Integrated PA and US imaging has been demonstrated for needle guidance, identification of lymph nodes [11], and other in vivo structural imaging applications [26, 27]. However, the majority of existing integrated PAUS systems do not have a good enough resolution to qualify as microscopes. Here we have demonstrated a concurrent PAUS microscope that reveals optical and mechanical properties of the tissue simultaneously. Our PAUS system combines optical-resolution photoacoustic microscopy (OR-PAM) with US pulse-echo imaging, providing a high-resolution PA image that can reveal functional and anatomical information and a co-registered US pulse-echo image that can reveal general structural information [3, 28]. We have also implemented an alternative design with commercial focused ultrasonic transducer, for readers without access to the customized DE-UST. While hemoglobin was used as the endogenous chromophore for PA imaging in this study [23], multiple wavelengths could be incorporated into the system in the future for measuring oxygen saturation of hemoglobin (sO2) [29,30,31] and oxygen partial pressure (pO2) [24, 32, 33], as well as for molecular imaging of exogenous probes [2, 34, 35]. Our PAUS system can also be used to image microbubbles to provide blood flow velocity [36,37,38] and nonlinear mechanical properties [39,40,41]. We expect PAUS imaging to find a broad range of biomedical applications.

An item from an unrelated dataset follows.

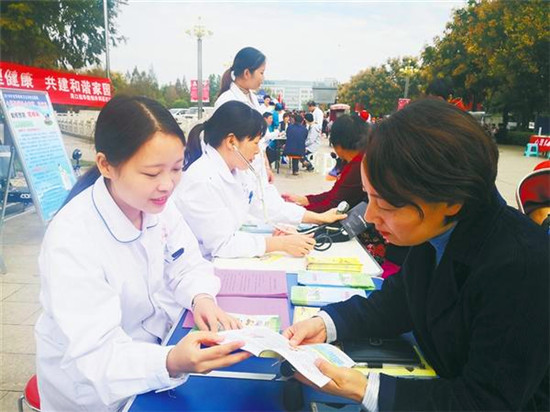 10月10日是世界精神衛生日,當日上午9時至11時,周口市衛健委組織我市28家醫院在川匯區文化廣場舉辦主題為“心理健康社會和諧,我行動”的義診活動?;顒蝇F場,100多名醫務人員向群眾提供免費疾病咨詢,宣傳普及精神衛生健康醫學知識,紛紛開出身心健康處方,受到群眾的熱烈歡迎。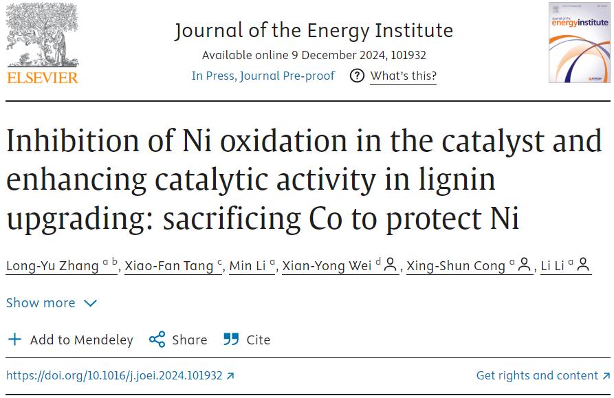 两篇论文分别以《Catalytic hydrodeoxygenation of lignin enhanced by selectively etching ZSM-5》和《Inhibition of Ni oxidation in a Ni-based catalyst to enhance the catalytic activity for lignin upgrading: Sacrificing Co to protect Ni》为题,tyc太阳成集团9728为第一单位,张龙宇为第一作者,李莉和丛兴顺为通讯作者。张龙宇是我校与曲阜师范大学联合培养的硕士研究生,在我校的导师为李莉博士和丛兴顺教授,自2023年10月开始,在我校全职培养,经过一年多的科研探索,取得了较多创新性成果,目前已撰写英文论文5篇,发表2篇。联合培养工作为学校的硕士点建设及下一步独立培养硕士研究生奠定了坚实基础。

Nevertheless, our PAUS system still faces certain challenges. The depth of laser penetration in PA imaging is limited by the strong scattering of light in tissue. Though targeted nanoparticle contrast agents can be used to enhance the signal-to-noise ratio at greater depths [7, 42], the delivery efficiency of the targeted nanoparticles has to be further improved [43]. In addition, incorporating PA imaging into a commercial US system may increase the cost of the overall system due to the typical requirement of high-energy laser excitation [8]. Low-cost laser-diodes have been used for PA imaging [44,45,46], which might be a promising solution for low-cost concurrent PAUS systems.